Peter Robinson, a former Reagan speechwriter, agrees. "It was in Ronald Reagan's bones — it was part of his understanding of America — that the country was fundamentally open to those who wanted to join us here."
Reagan said as much himself in a televised debate with Democratic presidential nominee Walter Mondale in 1984.
"I believe in the idea of amnesty for those who have put down roots and lived here, even though sometime back they may have entered illegally," he [Reagan]said.
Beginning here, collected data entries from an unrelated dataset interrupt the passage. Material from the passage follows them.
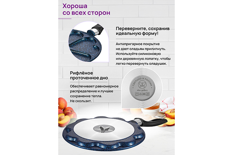 Сковорода оладница Elan Gallery "Сапфир" из серии "Гармония вкуса" диаметром 26 см имеет отсеки, благодаря которым продукты будут иметь ровную и красивую форму сердечек. Глубина ячеек 1 см. За счёт фигурных секций не понадобятся специальное приспособление или формочка, чтобы придать блюду фигурную форму. Сковородка универсальная: подойдет для жарки блинчиков, оладий или порционной яичницы. Оладница поможет быстро приготовить на завтрак оладушки, панкейки и блюда из яиц. Можно использовать для эстетичной сервировки стола. Блинная сковорода выполнена из литого алюминия, имеет высококачественное антипригарное покрытие Cookmark. Блинница украшена рисунком, напоминающим гранитную крошку. Ручка выполнена из жаропрочного бакелита и не нагревается при приготовлении (не рассчитана на прямой контакт с огнем). Алюминиевая блинница быстро разогревается: не греть без продуктов. Подходит для газовых, электрических, стеклокерамических плит. Не для индукции. Использовать только деревянные или силиконовые кухонные принадлежности и лопатки. Использовать в посудомоечной машине только в режиме "Эко" с применением средств, не содержащих щелочи. Сковорода станет полезным подарком на праздник и придаст процессу приготовления пищи новый уровень комфорта. В серии "Гармония вкуса" вы найдёте любой кухонный инвентарь для вашего дома. Соберите набор посуды для вашей кухни в едином стиле!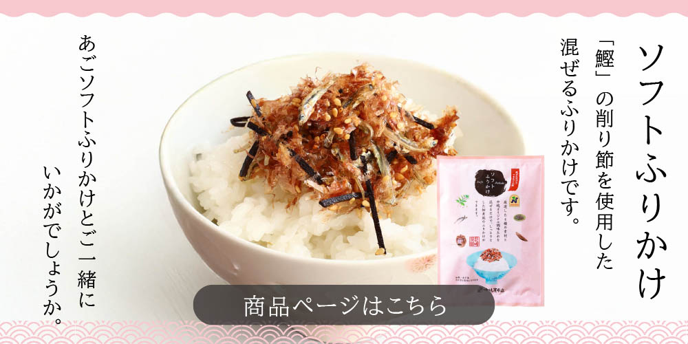 本ページの「あごソフトふりかけ」は飛魚の削り節を使用していますが、もう一つは鰹の削り節を使用しています。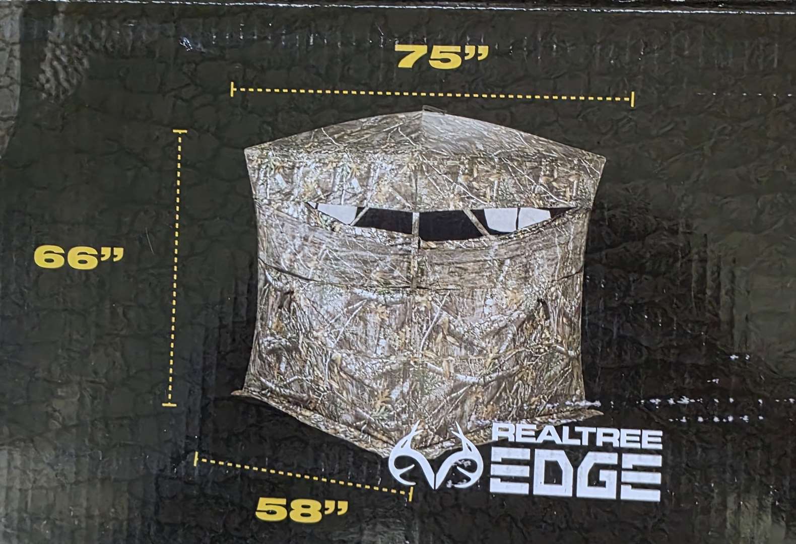 New-Real Tree Rhino 200 Edge Hunting Blind. Footprint 58" X 58" Weight 14 Lbs. Height 66" and Width 75".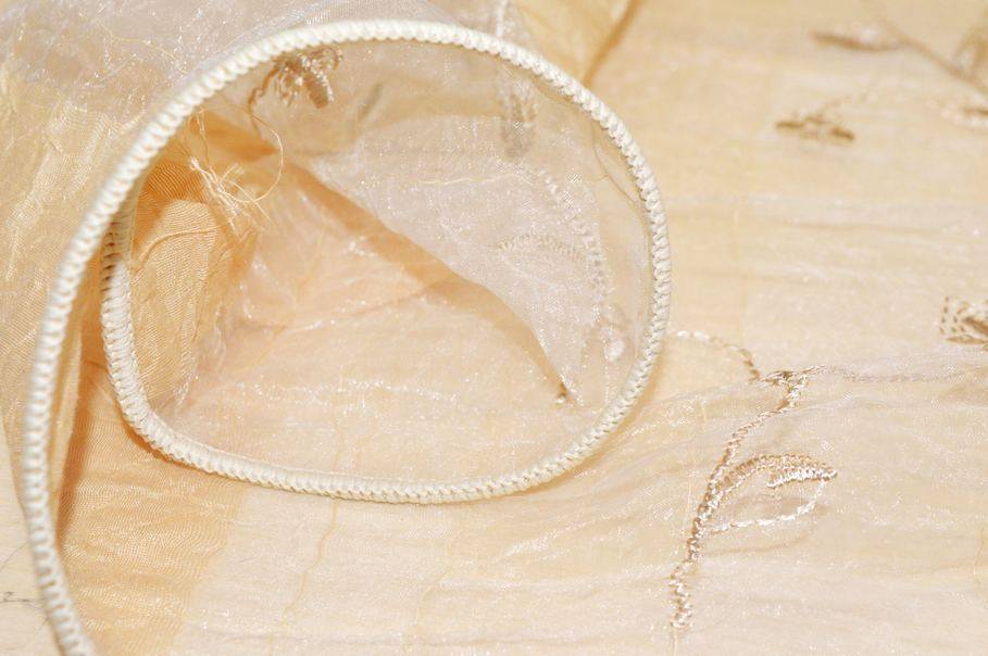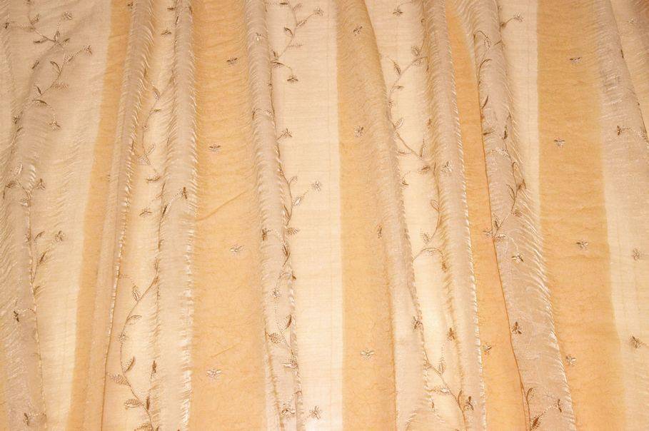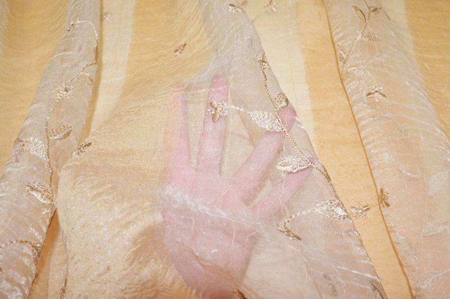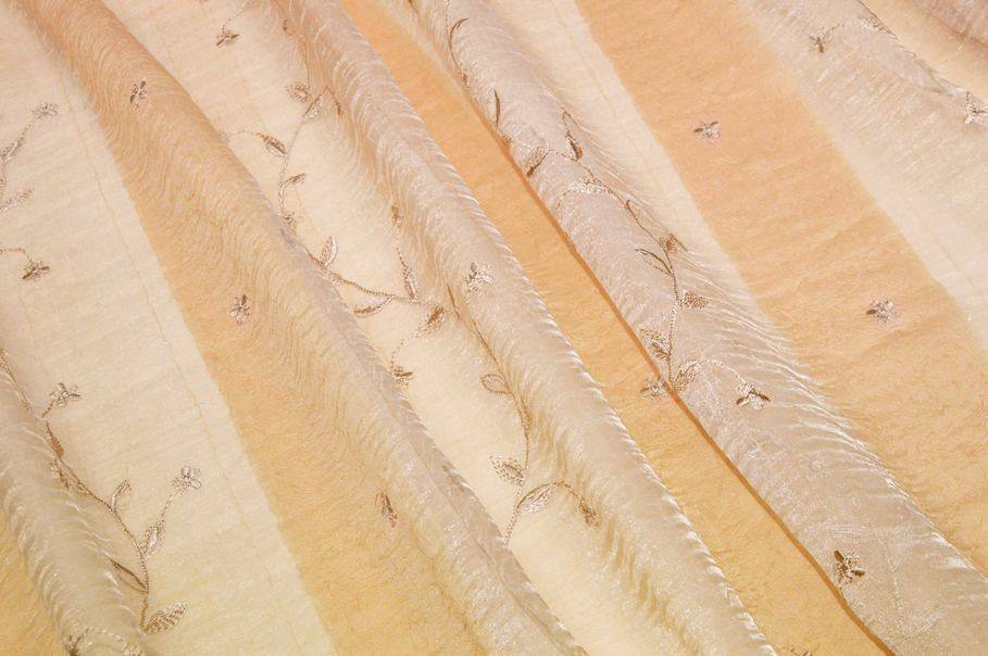 Il fondo viene realizzato con della bellissima organza beige dal sottotono caldo tendende al dorato e viene suddiviso da fasce più e meno coprenti. Le fasce trasparenti, oltre a far passare la luce, mettono in mostra un raffinatissimo ricamo dorato raffigurante minuti ed esili fiorellini. Preziosa ed elaborata, ma allo stesso tempo classica ed elegante rappresenta un vero e proprio elemento d'arredo altamente lussuoso. Realizzato con base in organza presenta una mano molto leggera e trasparente. La leggerezza del prodotto lo rende un articolo perfetto per arredare ambienti con poca illuminazione.

The one thing that Reagan did which modern Republicans and Tea Partiers might approve, but which Congress overruled back in the day was the Comprehensive Apartheid Act. Reagan vetoed it, and both the House and Senate voted it in a second time, overriding that veto. The legislation called for an end to the oppressive racism of South Africa, imposing sanctions. The right, including Reagan, had a sometimes very ugly record on race for more than four decades. The birthers would be right at home. The tea partiers who want to repeal parts of the Civil Rights Act prohibiting discrimination in public places, including businesses, now that's something they can consistently appreciate - and they won't admit it's racism either.
On the Centennial of your birth President Reagan, you have the right to some accuracy. And God knows, the Right won't give it to you.